The clinical team’s focus shifts to fine-tuning the balance between diuresis and potential nephrotoxicity from vancomycin. They decide to consult with the infectious disease team to explore alternative antibiotic regimens that are less nephrotoxic while maintaining efficacy against the suspected pathogens. The patient’s status warrants ongoing multidisciplinary collaboration to mitigate the risk of further complications and facilitate a gradual recovery. This complex interplay of renal and pulmonary management underscores the critical role of comprehensive assessment and dynamic care planning in the face of escalating complications.

Section 5

The clinical team decides to prioritize a new assessment of the patient's evolving condition. Upon examination, the patient shows signs of increased respiratory distress, with a respiratory rate now elevated to 26 breaths per minute and shallow breathing patterns. The supplemental oxygen has been increased to 3L via nasal cannula to maintain an oxygen saturation of 91%, indicating a concerning trend in pulmonary function. Auscultation reveals persistent crackles at the lung bases, and the patient reports feeling more short of breath and fatigued compared to the previous day. These signs suggest that the pulmonary edema may be worsening, prompting immediate consideration for more intensive interventions.

The nephrology team is consulted again to address the worsening renal function and the potential need for renal replacement therapy.

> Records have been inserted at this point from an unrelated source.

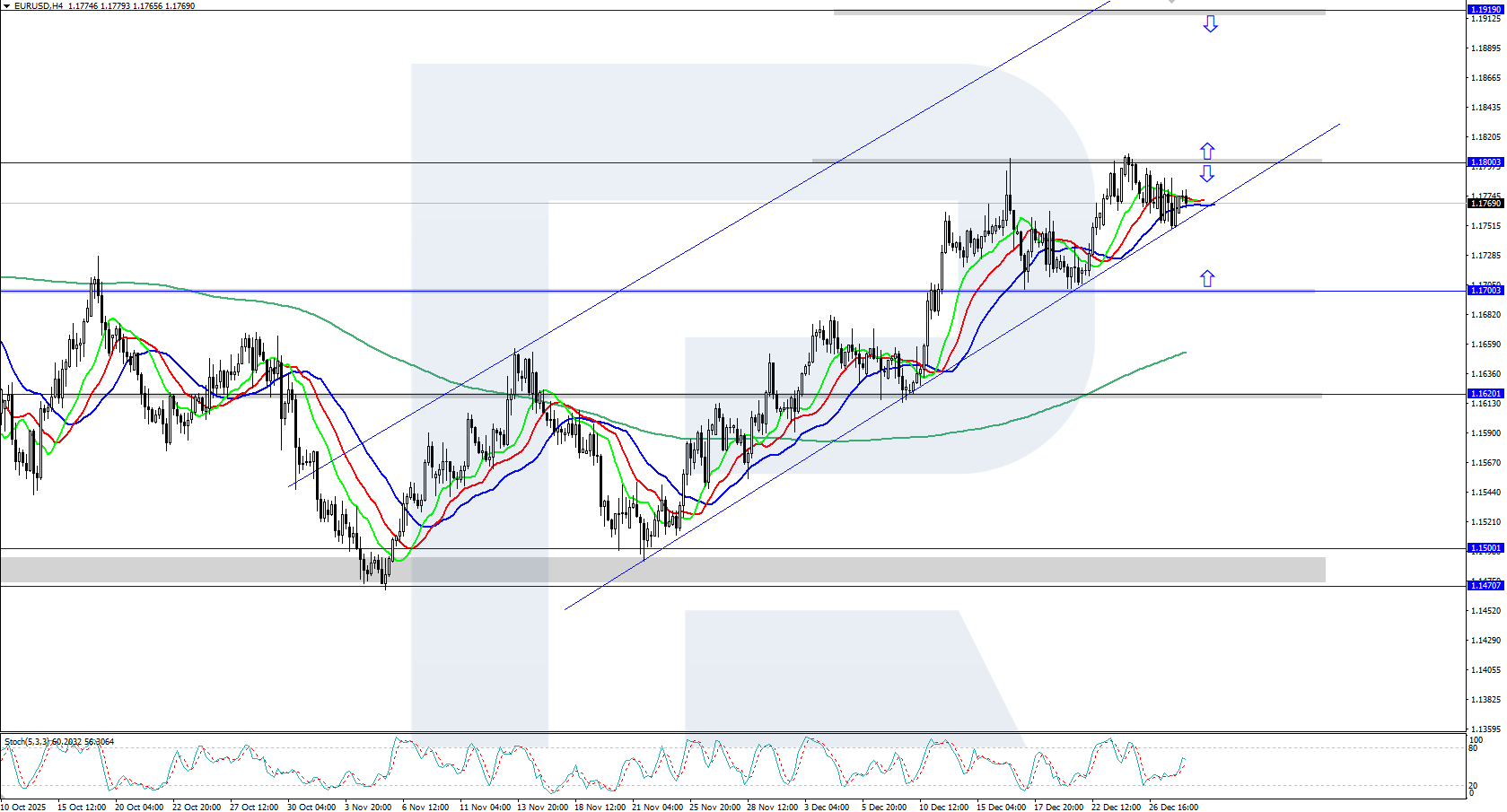 คู่เงิน EURUSD ซื้อขายอยู่ใกล้ระดับ 1.1800 ซึ่งเป็นระดับใกล้จุดสูงสุดของปี ท่ามกลางมุมมองนโยบายการเงินที่แตกต่างกันระหว่างธนาคารกลางยุโรป (ECB) และธนาคารกลางสหรัฐ (Fed) รายละเอียด — ในการวิเคราะห์ของเราสำหรับ 30 ธันวาคม 2025
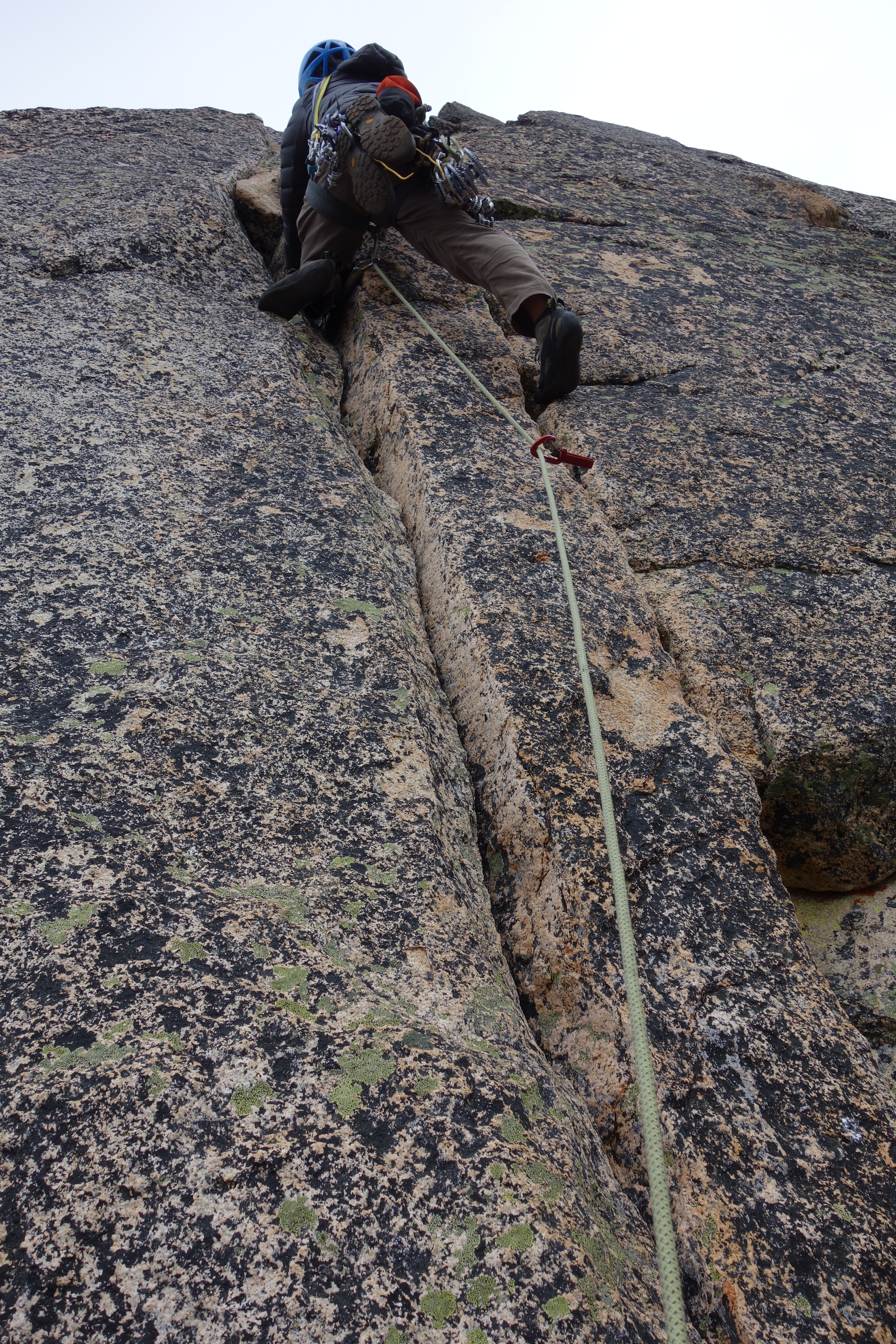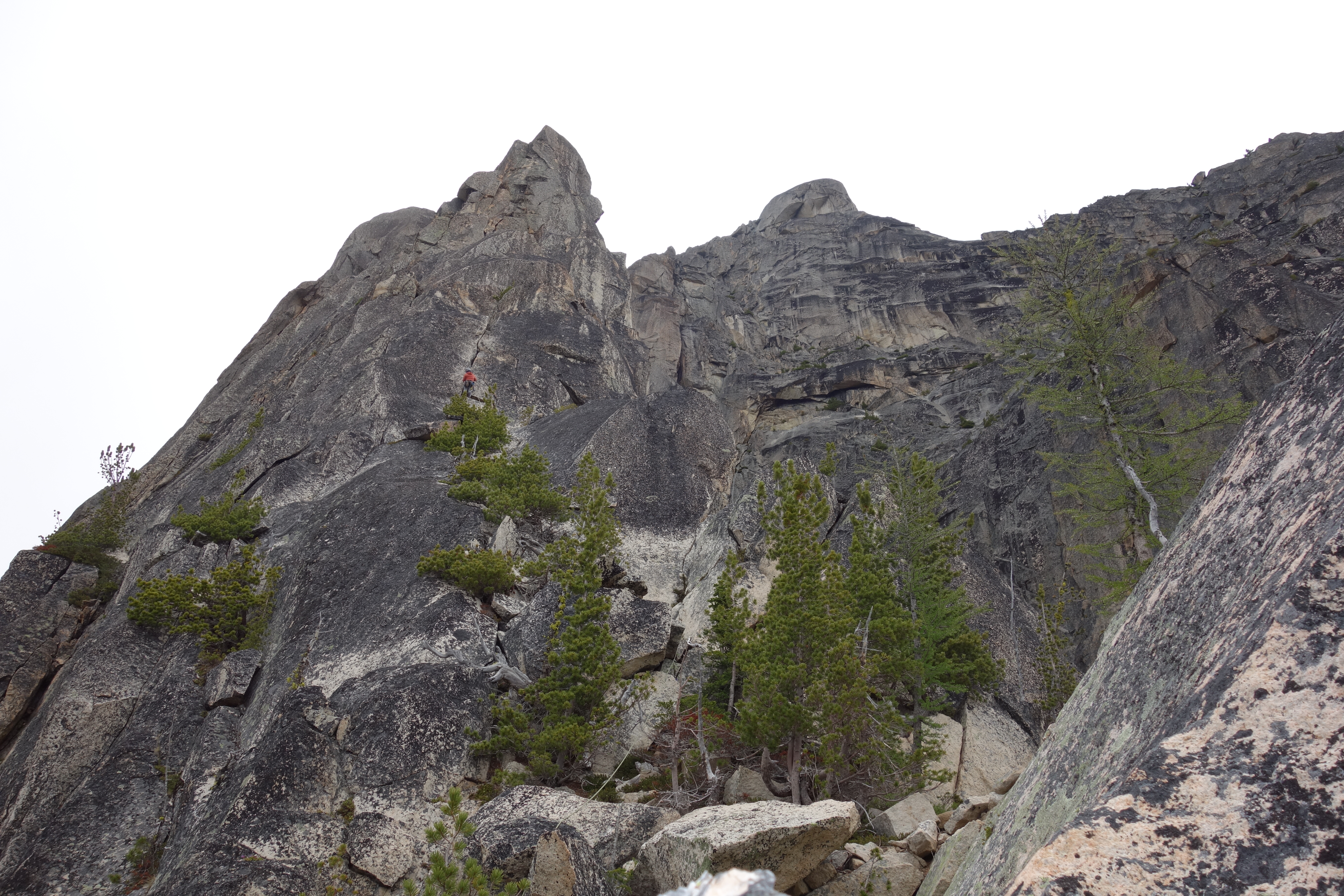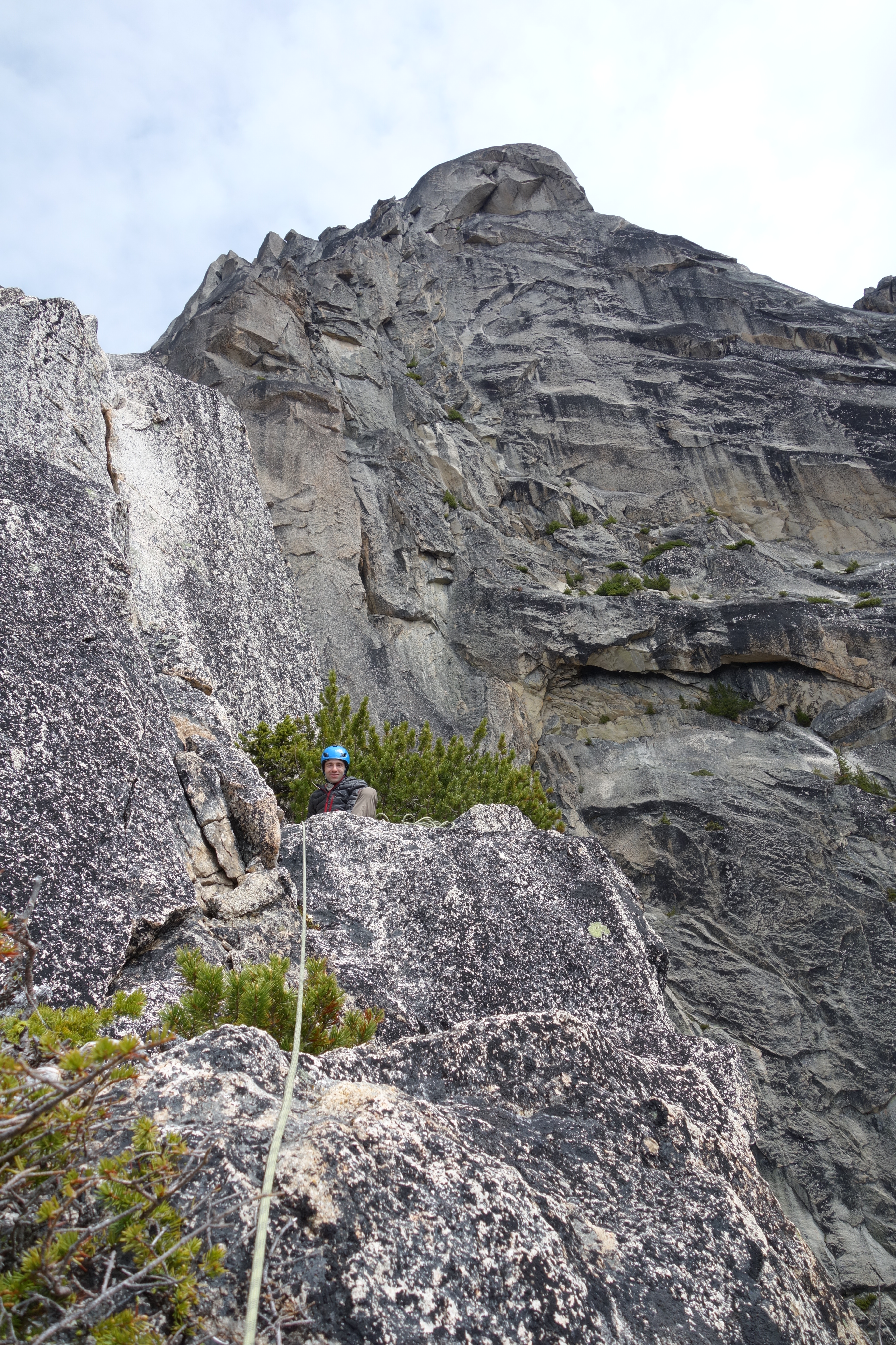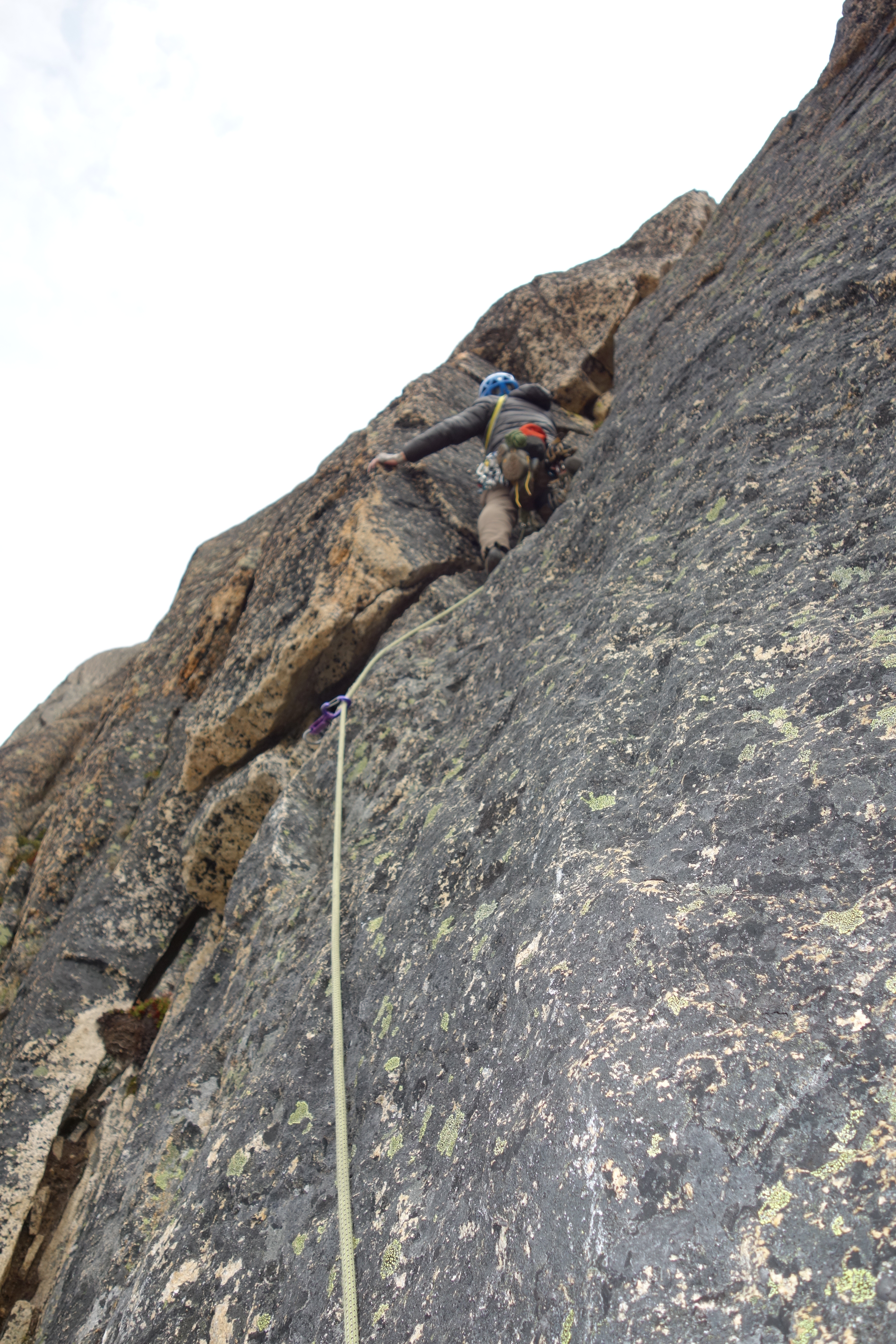 From here was another 5.8 pitch with a few moves of layback crux off the belay followed by fun wide climbing. After the crack turned horizontal the route turned into fun low fifth jams up to an expansive belay ledge with trees, where we finally got a few minutes of sunshine through thin clouds.
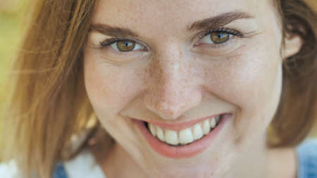 happy young beautiful woman face closeup and portrait outdoor at sunny day
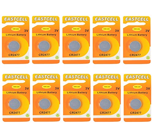 EASTCELL 10 pile a bottone al litio CR2477, 3 V, 1050 mAh, 10 pezzi (10 x blister monouso)
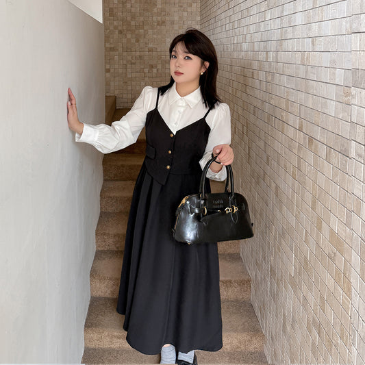 大きいサイズ レディース セットアップ(ニットベスト+ブラックシャツ+スカート別売)LL 3L 4L 5L
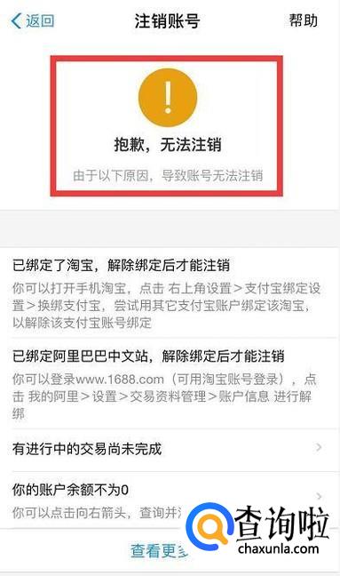 然后就可以把支付宝账号注销了。如果支付宝有余额,或者绑定其他服务,就无法注销的。
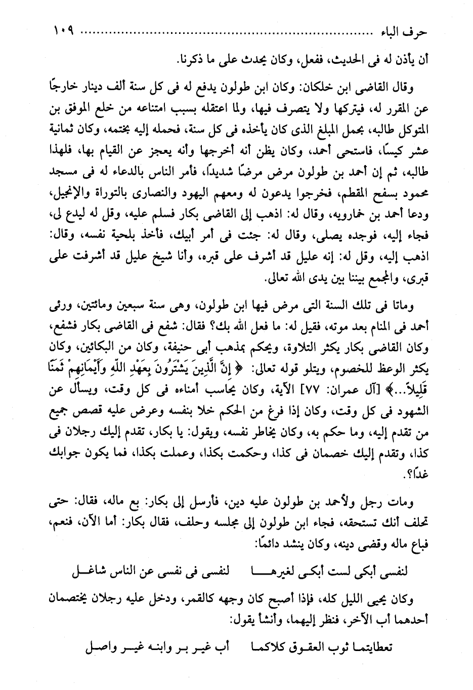 وماتا فى تلك السنة التى مرض فيها ابن طولون، وهى سنة سبعين ومائتين، ورئى أحمد فى المنام بعد موته، فقيل له: ما فعل الله بك؟ فقال: شفع فى القاضى بكار فشفع، وكان القاضى بكار يكثر التلاوة، ويحكم بمذهب أبى حنيفة، وكان من البكائين، وكان يكثر الوعظ للخصوم، ويتلو قوله تعالى: {إِنَّ الَّذِينَ يَشْتَرُونَ بِعَهْدِ اللهِ وَأَيْمَانِهِمْ ثَمَنًا قَلِيلاً ... } [آل عمران: 77] الآية، وكان يحاسب أمناءه فى كل وقت، ويسأل عن الشهود فى كل وقت، وكان إذا فرغ من الحكم خلا بنفسه وعرض عليه قصص جميع من تقدم إليه، وما حكم به، وكان يخاطر نفسه، ويقول: يا بكار، تقدم إليك رجلان فى كذا، وتقدم إليك خصمان فى كذا، وحكمت بكذا، وعملت بكذا، فما يكون جوابك غدًا؟.
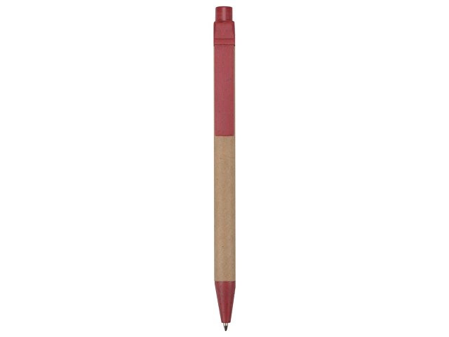 Шариковая ручка с нажимным механизмом. Удобный корпус сделан из переработанного картона. Клип, кнопка и носик ручки на 50% состоят из пшеничной соломы, на 50% — из переработанного пластика. Настоящая находка для тех, кто предпочитает использовать изделия из биоразлагаемых материалов и заботится о сохранности окружающей среды.
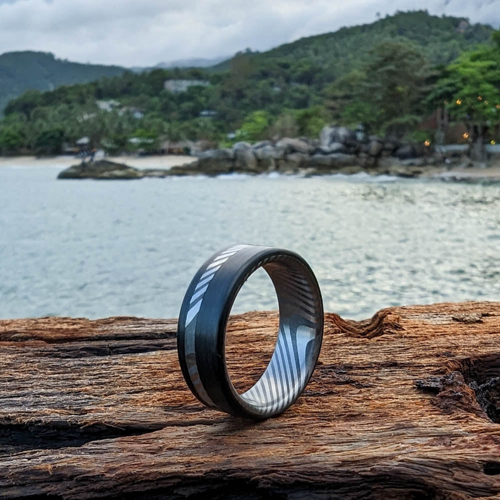 Damascus Men's Wedding Ring with Carbon Fiber Interior
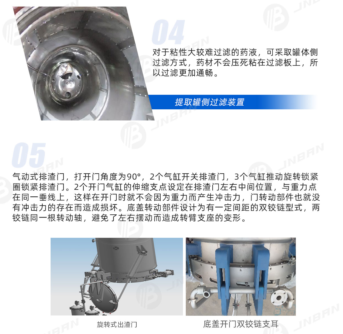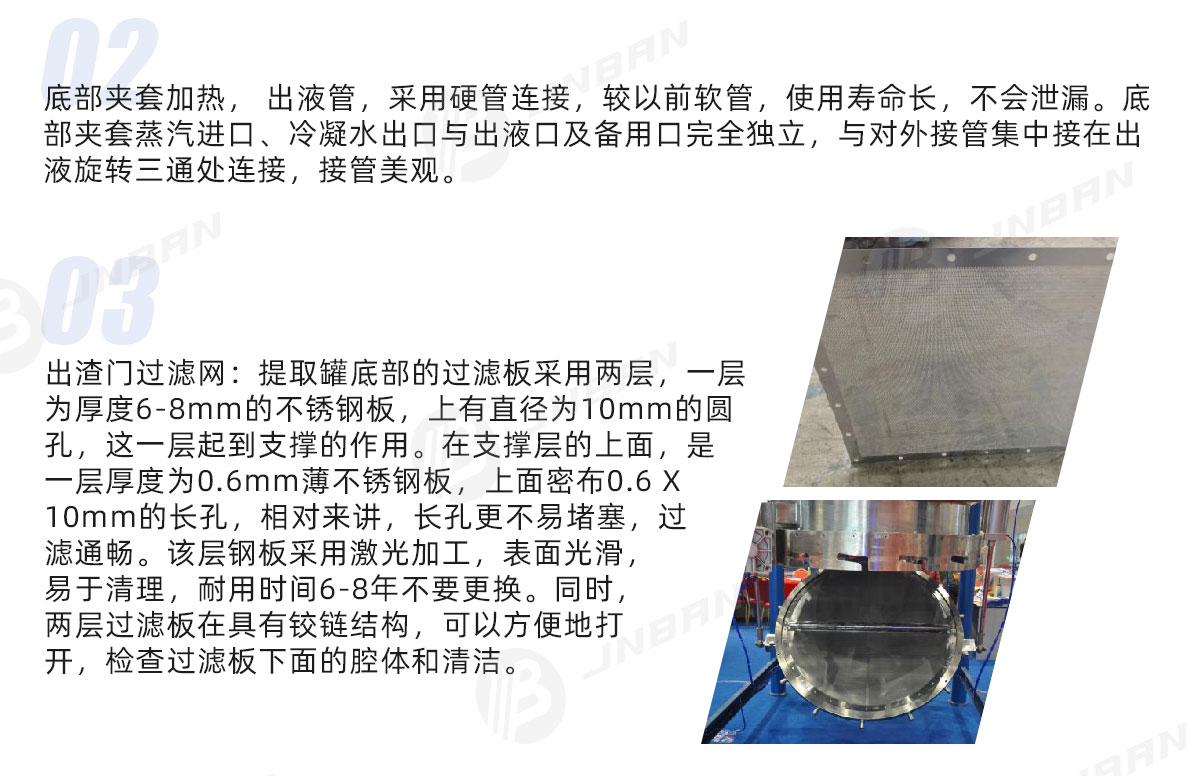 結(jié)合德國E&E提取罐的特點(diǎn),重新設(shè)計(jì)開發(fā)新一代提取罐。在加熱、過濾、排渣、及排渣門的密封上有很大的改進(jìn),實(shí)用多年來得到用戶的肯定。

In light of the rising serum creatinine, now at 2.3 mg/dL, and persistent hyperkalemia of 5.8 mmol/L, the nephrology team discusses the initiation of dialysis as a means to manage both fluid overload and electrolyte imbalances. Additionally, a repeat electrolyte panel highlights a further decrease in bicarbonate levels to 19 mmol/L, indicating metabolic acidosis, which could contribute to the patient's respiratory distress.

In parallel, the infectious disease team recommends switching from vancomycin to linezolid, a less nephrotoxic antibiotic, to continue addressing the cellulitis without exacerbating renal insufficiency. This adjustment aims to alleviate the burden on the kidneys while maintaining adequate antimicrobial coverage. The patient's care plan is updated to reflect these changes, and close monitoring is emphasized to reassess the patient's response to the modified therapeutic strategy. The multidisciplinary team remains vigilant, ready to adapt the management plan in response to any new developments, underscoring the complexity and interconnectedness of the patient's condition.